=== Work item ===
Only the pictures should be left out; repeat the rest of the data exactly.

=== Exercise data ===

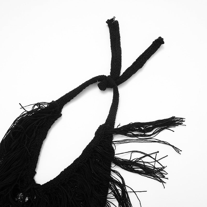 Halter tassels self tie hollow out jumpsuit
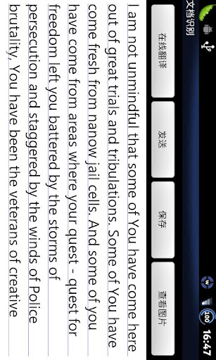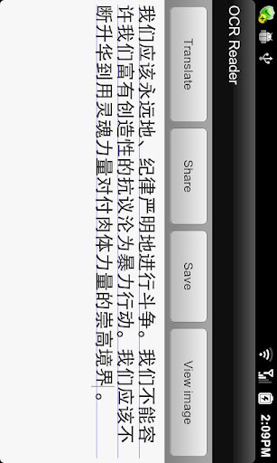 * 直接将识别出的文字和图像发送至新浪微博(如果手机安装人人网或其他社交网络的客户端,还可以将识别结果分享至相应的网站)
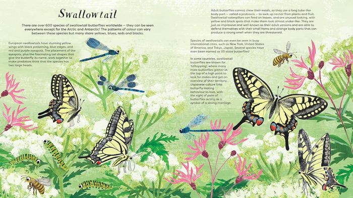 Then turn to the back of the book to pore over 22 richly illustrated pages with dazzling full colour nature scenes alongside a gently informative text to treasure. Covering everything from habitats and diets to myths and legends, this is a stylish, joyful introduction to a variety of European butterflies.
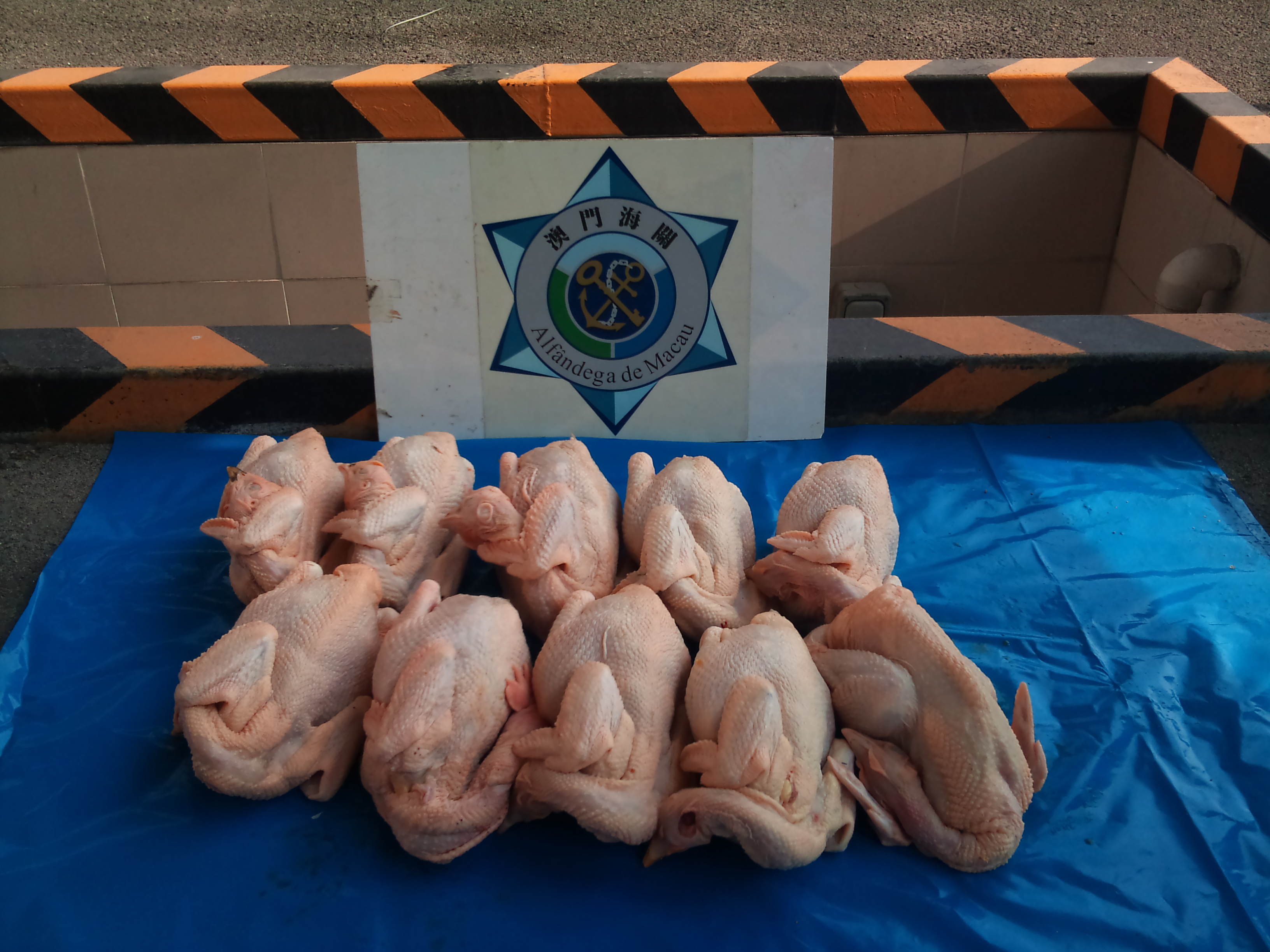 於今天早上,海關人員發現部份回澳水客將從內地帶回本澳的物品放於上述地點後便離開。其後,一名本澳女子走近並將有關物品進行整理後準備離開時﹐被海關人員截停,並發現該批被運走之物品為一些未經檢疫的已宰鮮雞。調查期間,該名本澳女子聲稱,該批未經檢疫的已宰鮮雞是其今天在拱北市場購買,並已每隻3元的帶功費交由水客帶回本澳。在台山新城市花園平台收回後,在附近一帶作非法擺賣。。
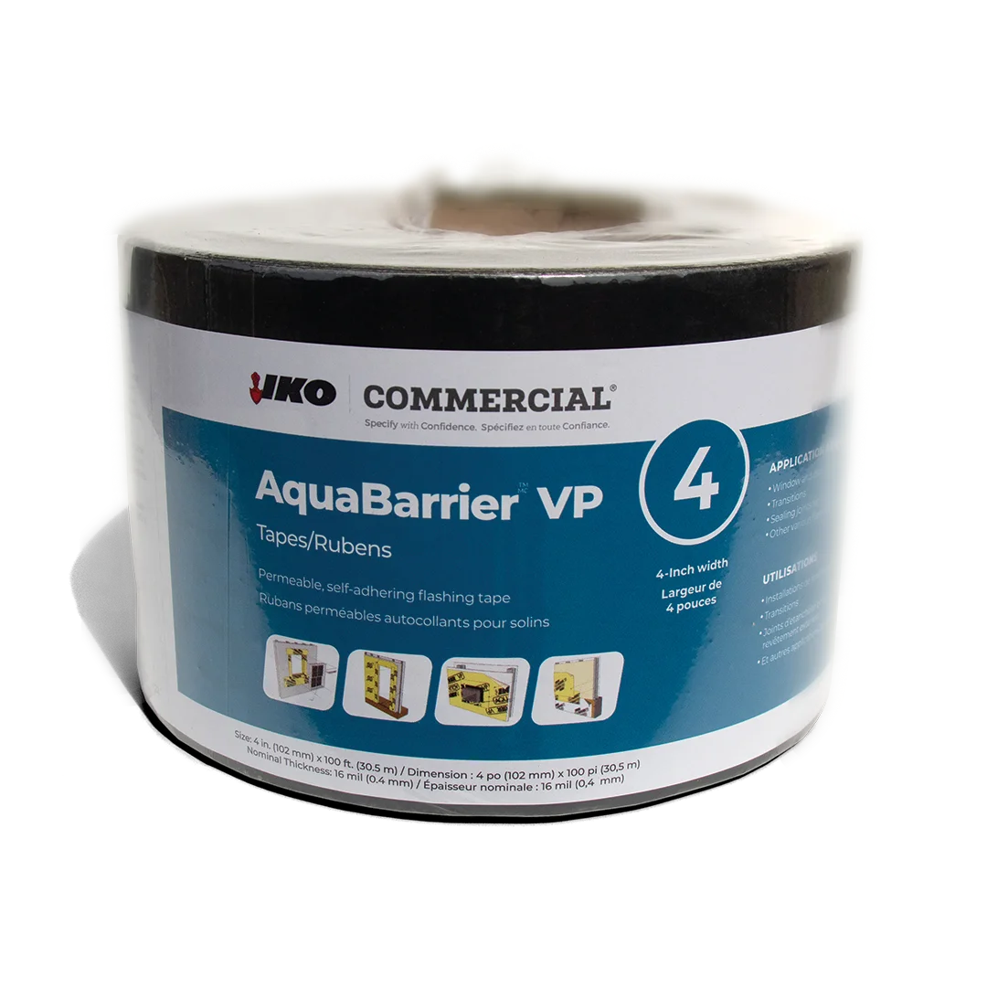 Count on IKO for the best in air and vapour barrier systems. IKO’s Non-Permeable Air/Vapour Barrier Systems include the AquaBarrier™ line of products and accessories. Engineered to meet or exceed industry standards for high performance, the line also includes self-adhering and torch-on wall membranes, through wall flashing membrane, foundation protection and flashing tapes.
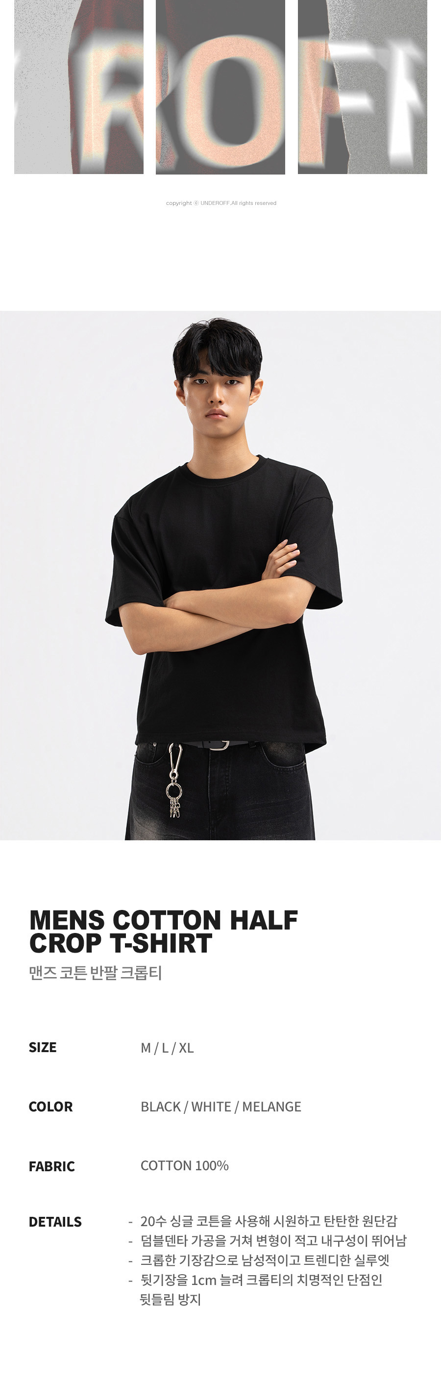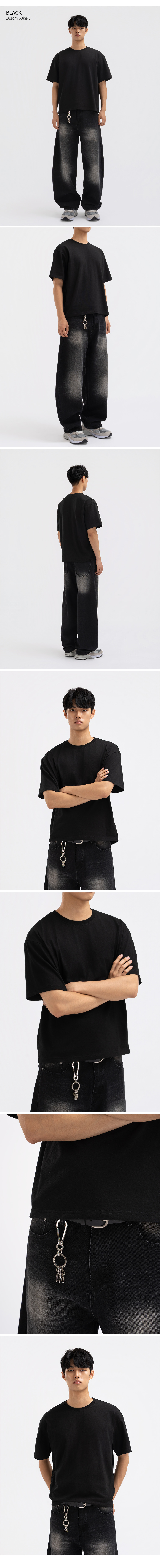 맨즈 코튼 반팔 크롭티 블랙
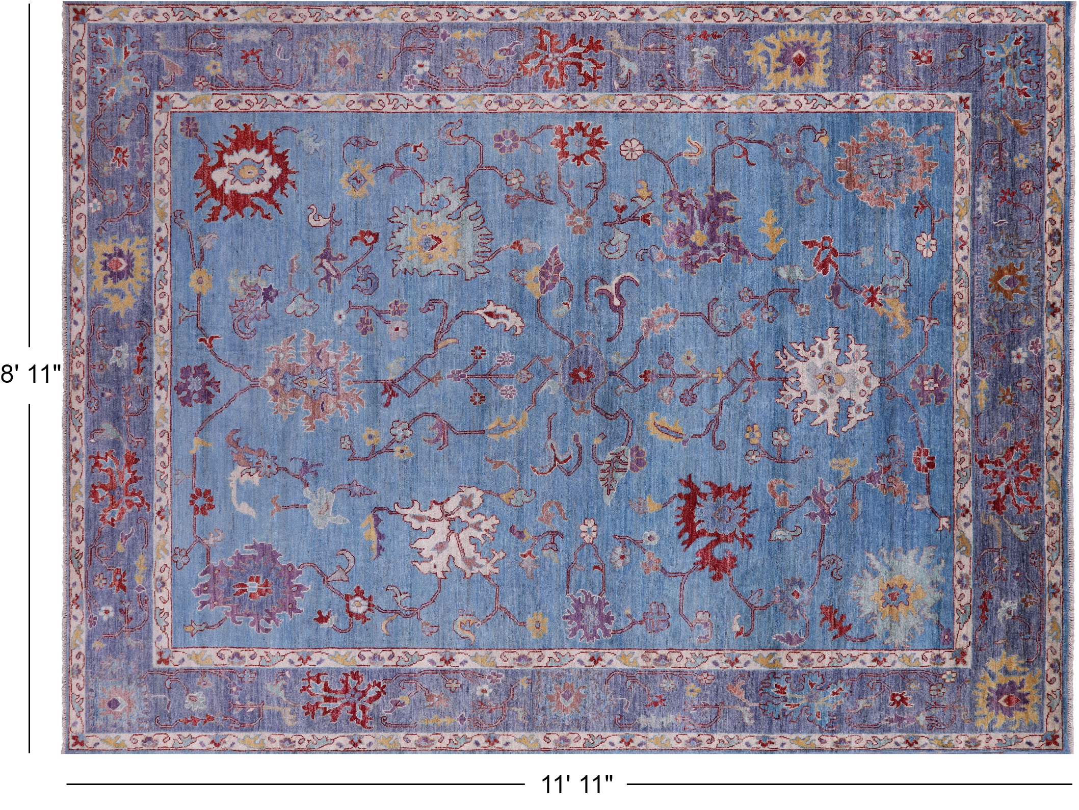 Blue 8' 11" X 11' 11" Turkish Oushak Handmade Wool Rug - Q9786

=== Answer to this problem ===
 Halter tassels self tie hollow out jumpsuit
 * 直接将识别出的文字和图像发送至新浪微博(如果手机安装人人网或其他社交网络的客户端,还可以将识别结果分享至相应的网站)
 Then turn to the back of the book to pore over 22 richly illustrated pages with dazzling full colour nature scenes alongside a gently informative text to treasure. Covering everything from habitats and diets to myths and legends, this is a stylish, joyful introduction to a variety of European butterflies.
 於今天早上,海關人員發現部份回澳水客將從內地帶回本澳的物品放於上述地點後便離開。其後,一名本澳女子走近並將有關物品進行整理後準備離開時﹐被海關人員截停,並發現該批被運走之物品為一些未經檢疫的已宰鮮雞。調查期間,該名本澳女子聲稱,該批未經檢疫的已宰鮮雞是其今天在拱北市場購買,並已每隻3元的帶功費交由水客帶回本澳。在台山新城市花園平台收回後,在附近一帶作非法擺賣。。
 Count on IKO for the best in air and vapour barrier systems. IKO’s Non-Permeable Air/Vapour Barrier Systems include the AquaBarrier™ line of products and accessories. Engineered to meet or exceed industry standards for high performance, the line also includes self-adhering and torch-on wall membranes, through wall flashing membrane, foundation protection and flashing tapes.
 맨즈 코튼 반팔 크롭티 블랙
 Blue 8' 11" X 11' 11" Turkish Oushak Handmade Wool Rug - Q9786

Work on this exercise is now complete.